- Aim of the task
Output all entries exactly; images excluded.

== Segment start ==

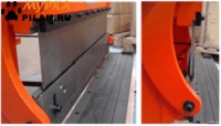 На станке установлен откидной защитный кожух для предотвращения попадания в вальцы посторонних предметов во время выполнения другой операции. Гибка на максимальный угол 90°. Гибка происходит по типу гибки на прессе – гибочными штампами (пуансон х матрица). Съемные сегменты пуансона позволяют производить отбортовку поддонов и коробов. Гильотина станка идеально режет металл до 1.0 мм.
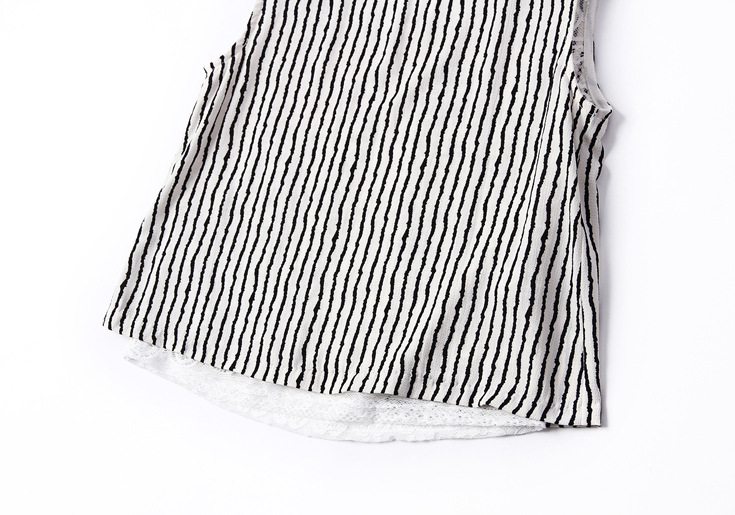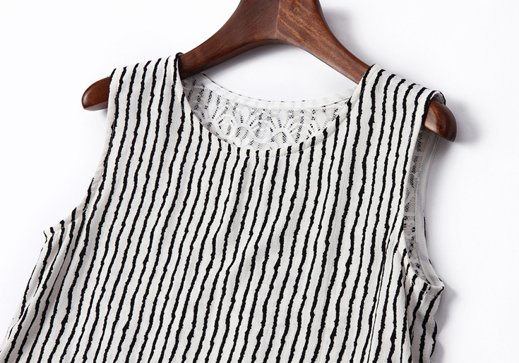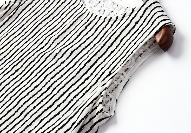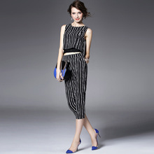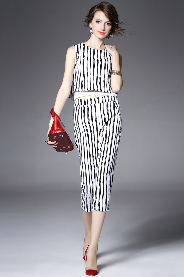 2015夏 无袖圆领蕾丝拼接假两件短上衣+弹力竖条纹显瘦七分裤套装
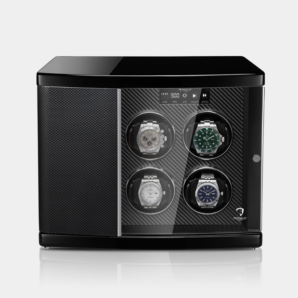 TIMELESS MV4 łączy w sobie wszystkie życzenia miłośnika zegarków w mistrzowskiej kompozycji. W nowej generacji prezentuje się w litym drewnie nowozelandzkim i nowych kombinacjach kolorystycznych, takich jak czarny wzór drewna Makassar. Rotomat dla 4 zegarków z dodatkowymi 2 miejscami na zegarki kwarcowe.
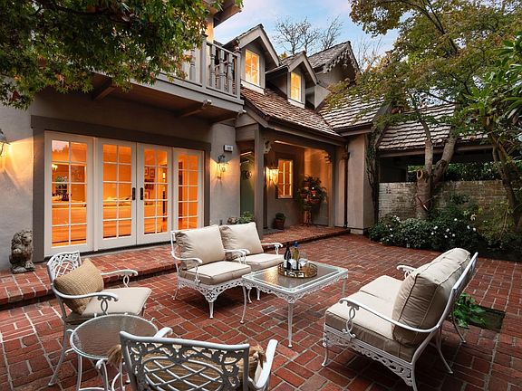 COURTYARD MANOR AT BURLINGAME PARK: ONE OF BURLINGAME'S PRETTIEST HOMES AT THE #1 ADDRESS IN TOWN! Magical English Country Retreat Comes to Life...expanded and renovated with Wow Factor elegance inside and out: Begin with heartwarming curb appeal and a signature courtyard. Huge room sizes, classic character with modern livability. Two-story entry. Indoor/Outdoor flow with courtyard, brick terraces, lavish private gardens, and garden pavilion. Upstairs architectural drama sweeps you away with towering ceilings up to 17 ft. and an unrivaled luxury master suite with fireplace, private balcony, and sumptuous full-size en suite bath. | Four woodburning fireplaces | Cozy Family Room off kitchen has potential as 4th bed including adjacent full bath | Don't miss the formal rose garden terrace | Incredible privacy and the feeling of your own tucked-away European retreat | Walk to downtown Burlingame Avenue in minutes, shouldered by high value estates reaching $17,000,000....Timeless!
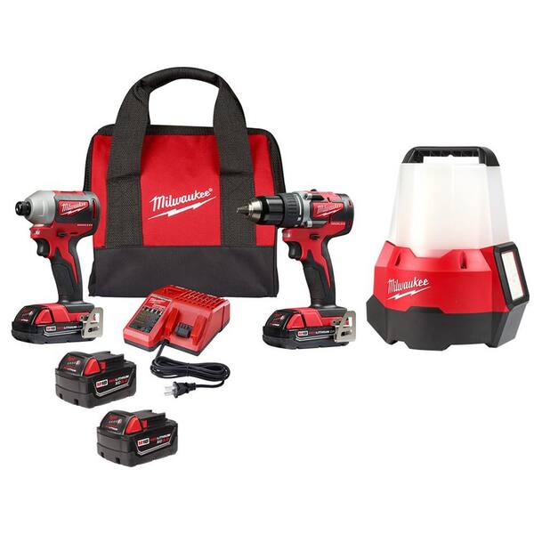 The 2892-22CT M18 Kit includes the 1/2 in. Compact Brushless Drill Driver (2801-20) and the 1/4 in. Hex Compact Brushless Impact Driver (2850-20). The M18 Cordless System's patented technologies and electronics innovative motor design and superior ergonomics provide the most efficient blend of power weight and performance in the industry. The M18 Compact Brushless Drill/Driver is the Most powerful compact 18-Volt drill on the market. The M18 1/4 in. Hex Compact Brushless Impact Driver has the fastest application speed its class and delivers 1600 in./lbs. of torque. Both tools feature Milwaukee built brushless motors RedLINK Electronics and REDLITHIUM batteries that provide more efficient power delivery for fewer trips to the charger. The Milwaukee M18 REDLITHIUM XC3.0 Battery delivers up to 2X more runtime 20% more power and 2X more recharges than standard lithium-ion batteries. The Milwaukee M18 RADICompact Site Light with Flood Mode provides a 2-in-1 solution for area and task lighting for less to carry. The compact LED light delivers 2200 lumens in area mode and 1000 lumens in flood mode.
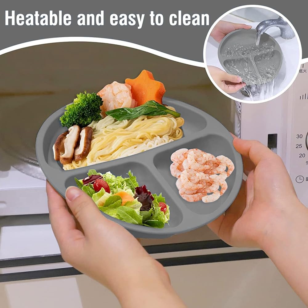 【السلامة أولًا】طبق الأطفال مصنوع من السيليكون الصالح للطعام، وخالي من البيسفينول وكلوريد متعدد الفينيل، وهو مادة ناعمة وآمنة، عديم الرائحة ومقاوم للتقطير. أكثر أمانًا ومتانة من أدوات المائدة البلاستيكية والزجاجية. تساعد ملعقة السيليكون على تحفيز اللثة وتخفيف الخوف من التسنين المبكر دون التسبب في أي ضرر لطفلك. تساعد مادة السيليكون الناعمة والآمنة الأطفال على التدريب على تناول الطعام بمفردهم، وهي الخيار الأفضل لفطام الطفل.

== Segment end ==

- Written answer
 На станке установлен откидной защитный кожух для предотвращения попадания в вальцы посторонних предметов во время выполнения другой операции. Гибка на максимальный угол 90°. Гибка происходит по типу гибки на прессе – гибочными штампами (пуансон х матрица). Съемные сегменты пуансона позволяют производить отбортовку поддонов и коробов. Гильотина станка идеально режет металл до 1.0 мм.
 2015夏 无袖圆领蕾丝拼接假两件短上衣+弹力竖条纹显瘦七分裤套装
 TIMELESS MV4 łączy w sobie wszystkie życzenia miłośnika zegarków w mistrzowskiej kompozycji. W nowej generacji prezentuje się w litym drewnie nowozelandzkim i nowych kombinacjach kolorystycznych, takich jak czarny wzór drewna Makassar. Rotomat dla 4 zegarków z dodatkowymi 2 miejscami na zegarki kwarcowe.
 COURTYARD MANOR AT BURLINGAME PARK: ONE OF BURLINGAME'S PRETTIEST HOMES AT THE #1 ADDRESS IN TOWN! Magical English Country Retreat Comes to Life...expanded and renovated with Wow Factor elegance inside and out: Begin with heartwarming curb appeal and a signature courtyard. Huge room sizes, classic character with modern livability. Two-story entry. Indoor/Outdoor flow with courtyard, brick terraces, lavish private gardens, and garden pavilion. Upstairs architectural drama sweeps you away with towering ceilings up to 17 ft. and an unrivaled luxury master suite with fireplace, private balcony, and sumptuous full-size en suite bath. | Four woodburning fireplaces | Cozy Family Room off kitchen has potential as 4th bed including adjacent full bath | Don't miss the formal rose garden terrace | Incredible privacy and the feeling of your own tucked-away European retreat | Walk to downtown Burlingame Avenue in minutes, shouldered by high value estates reaching $17,000,000....Timeless!
 The 2892-22CT M18 Kit includes the 1/2 in. Compact Brushless Drill Driver (2801-20) and the 1/4 in. Hex Compact Brushless Impact Driver (2850-20). The M18 Cordless System's patented technologies and electronics innovative motor design and superior ergonomics provide the most efficient blend of power weight and performance in the industry. The M18 Compact Brushless Drill/Driver is the Most powerful compact 18-Volt drill on the market. The M18 1/4 in. Hex Compact Brushless Impact Driver has the fastest application speed its class and delivers 1600 in./lbs. of torque. Both tools feature Milwaukee built brushless motors RedLINK Electronics and REDLITHIUM batteries that provide more efficient power delivery for fewer trips to the charger. The Milwaukee M18 REDLITHIUM XC3.0 Battery delivers up to 2X more runtime 20% more power and 2X more recharges than standard lithium-ion batteries. The Milwaukee M18 RADICompact Site Light with Flood Mode provides a 2-in-1 solution for area and task lighting for less to carry. The compact LED light delivers 2200 lumens in area mode and 1000 lumens in flood mode.
 【السلامة أولًا】طبق الأطفال مصنوع من السيليكون الصالح للطعام، وخالي من البيسفينول وكلوريد متعدد الفينيل، وهو مادة ناعمة وآمنة، عديم الرائحة ومقاوم للتقطير. أكثر أمانًا ومتانة من أدوات المائدة البلاستيكية والزجاجية. تساعد ملعقة السيليكون على تحفيز اللثة وتخفيف الخوف من التسنين المبكر دون التسبب في أي ضرر لطفلك. تساعد مادة السيليكون الناعمة والآمنة الأطفال على التدريب على تناول الطعام بمفردهم، وهي الخيار الأفضل لفطام الطفل.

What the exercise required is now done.